- Title: Advanced Inference and Representation Learning Methods in Variational Autoencoders.
- Author: Ignacio Peis Aznarte
- Abstract:
Deep Generative Models have gained significant popularity in the Machine Learning research community since the early 2010s. These models allow to generate realistic data by leveraging the power of Deep Neural Networks. The field experienced a signficant breakthrough when Variational Autoencoders (VAEs) were introduced. VAEs revolutionized Deep Generative Modeling by providing a scalable and flexible framework that enables the generation of complex data distributions and the learning of potentially interpretable latent representations. They have proven to be a powerful tool in numerous applications, from image, sound and video generation to natural language processing or drug discovery, among others. At their core, VAEs encode natural information into a reduced latent space and decode the learned latent space into new synthetic data. Advanced versions of VAEs have been developed to handle challenges such as handling heterogeneous incomplete data, encoding into hierarchical latent spaces for representing abstract and richer concepts, or modeling sequential data, among others. These advances have expanded the capabilities of VAEs and made them a valuable tool in a wide range of fields.
Despite the significant progress made in VAE research, there is still ample room for improvement in their current state-of-the-art. One of the major challenges is improving their approximate inference. VAEs typically assume Gaussian approximations of the posterior distribution of the latent variables in order to make the training objective tractable. The parameters of this approximation are provided by encoder networks. However, this approximation leads to a lower bounded objective, which can degrade the performance of any task that requires samples from the approximate posterior, due to the implicit bias. The second major challenge addressed in this thesis is related to achieving meaningful latent representations, or more broadly, how the latent space disentangles generative factors of variation. Ideally, the latent space would modulate meaningful properties separately within each dimension. However, Maximum Likelihood optimizations require the marginalization of latent variables, leading to non-unique solutions that may or may not achieve this desired disentanglement. Additionally, properties learned at the observation level in VAEs assume that every observation is generated independently, which may not be the case in some scenarios. To address these limitations, more robust VAEs have been developed to learn disentangled properties at the supervised group (also referred to as global) level. These models are capable of generating groups of data with shared properties.
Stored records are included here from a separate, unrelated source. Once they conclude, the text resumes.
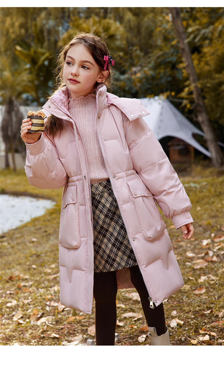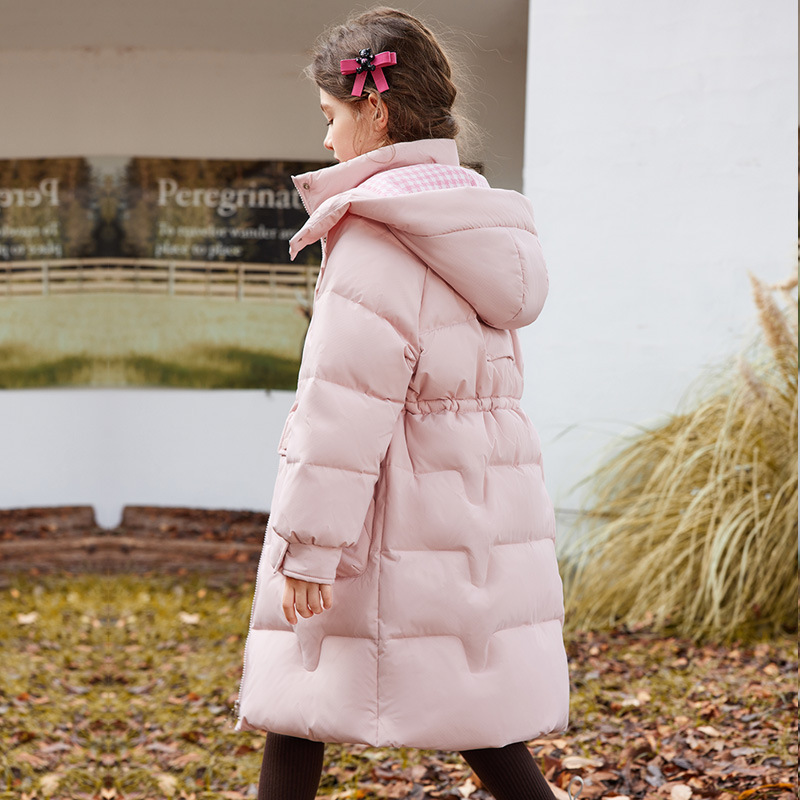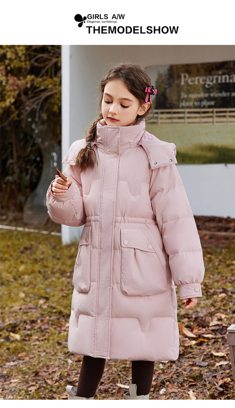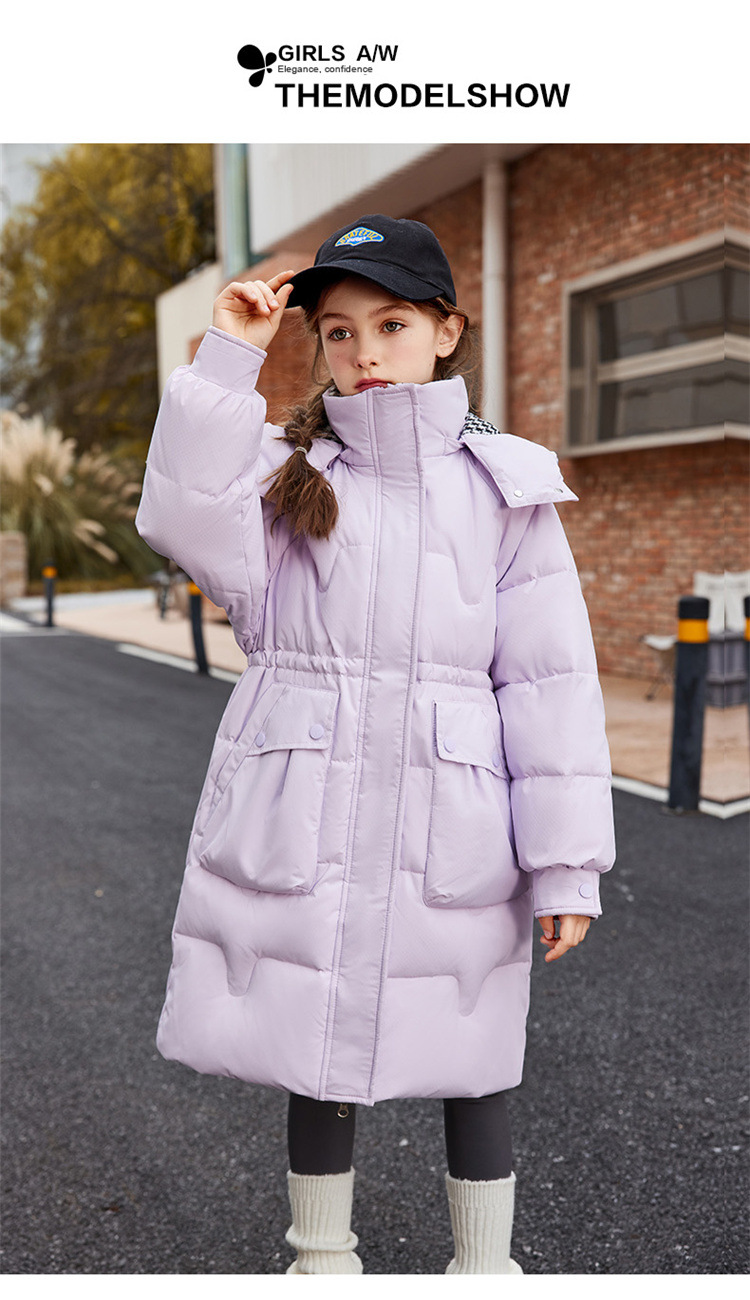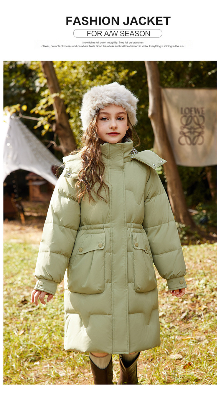 ABC 아동용 다운 재킷 여아 중간 길이 2024 새로운 스타일 화이트 오리 다운 중대형 아동용 겨울 두꺼운 재킷
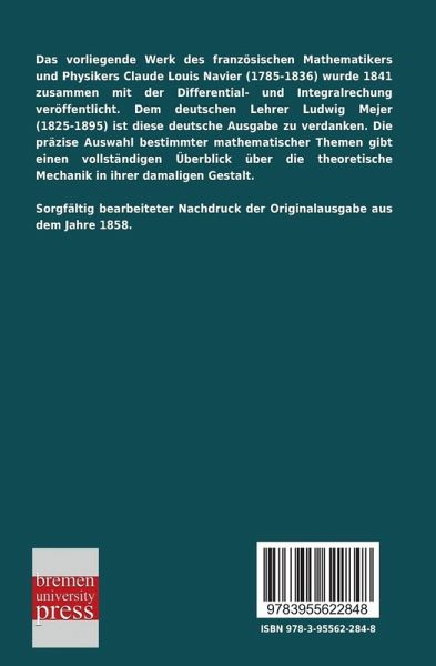 Das vorliegende Werk des französischen Mathematikers und Physikers Claude Louis Navier (1785-1836) wurde 1841 zusammen mit der Differential- und Integralrechung veröffentlicht. Dem deutschen Lehrer Ludwig Mejer (1825-1895) ist diese deutsche Ausgabe zu verdanken. Die präzise Auswahl bestimmter mathematischer Themen gibt einen vollständigen Überblick über die theoretische Mechanik in ihrer damaligen Gestalt.
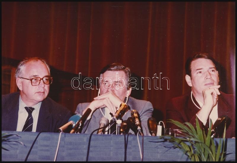cca 1992 Antall József miniszterelnök és O'sváth György konzervatív politikus, a miniszterelnök személyes tanácsadója nemzetközi találkozón. Eredeti, meg nem jelent fotó 18x13 cm
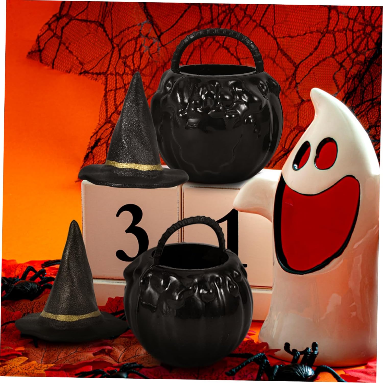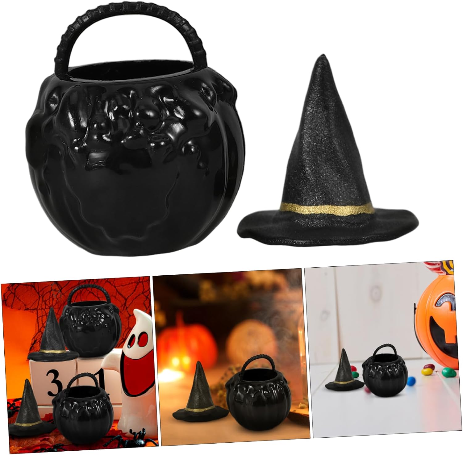 Decorazioni di Halloween - design dalla forma affascinante, queste decorazioni renderanno la tua festa di Halloween più allegra e adorabile, Kettle Black Cauldron - mini ornamenti per cappelli da strega, sufficienti per le tue esigenze di decorazione della festa, decorazione micro paesaggio Gnomo di Halloween - artigianato in miniatura un'aggiunta unica e creativa alla tua decorazione di Halloween, centrotavola per mini case e decorazioni di ghirlande di Halloween Calderone Halloween - Design compatto e leggero per un facile trasporto, sufficiente per soddisfare le tue esigenze di quantità, Scheletro di Halloween I mini vasi del calderone e il cappello da strega possono essere usati come una tazza divertente e inaspettata per amici o familiari membri che amano Halloween
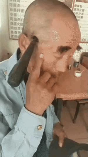 老头的脑袋上长个什么东西?看了半天也没有看清楚,不像是从脑子里长出来的东西,好像是一个什么东西扎到了脑袋里,情况都已经这么严重了,为什么不到医院呢?真不明白,这东西是怎么扎进去的?这么大岁数了,可不要不当一回事儿,赶紧到医院,千万别耽误了!

The work presented in this doctoral thesis focuses on the development of novel methods for improving the state-of-the-art in VAEs. Specifically, three fundamental challenges are addressed: achieving meaningful global latent representations, obtaining highly-flexible priors for learning more expressive models, and improving current approximate inference methods. As a first main contribution, an innovative technique named UG-VAE from Unsupervised-Global VAE, aims to enhance the ability of VAEs in capturing factors of variations at data (local) and group (global) level. By carefully desigining the encoder and the decoder, and throughout conductive experiments, it is demonstrated that UG-VAE is effective in capturing unsupervised global factors from images. Second, a non-trivial combination of highly-expressive Hierarchical VAEs with robust Markov Chain Monte Carlo inference (specifically Hamiltonian Monte Carlo), for which important issues are successfully resolved, is presented. The resulting model, referred to as the Hierarchical Hamiltonian VAE model for Mixed-type incomplete data (HH-VAEM), addresses the challenges associated with imputing and acquiring heterogeneous missing data. Throughout extensive experiments, it is demonstrated that HH-VAEM outperforms existing one-layered and Gaussian baselines in the tasks of missing data imputation and supervised learning with missing features, thanks to its improved inference and expressivity. Furthermore, another relevant contribution is presented, namely a sampling-based approach for efficiently computing the information gain when missing features are to be acquired with HH-VAEM. This approach leverages the advantages of HH-VAEM and is demonstrated to be effective in the same tasks.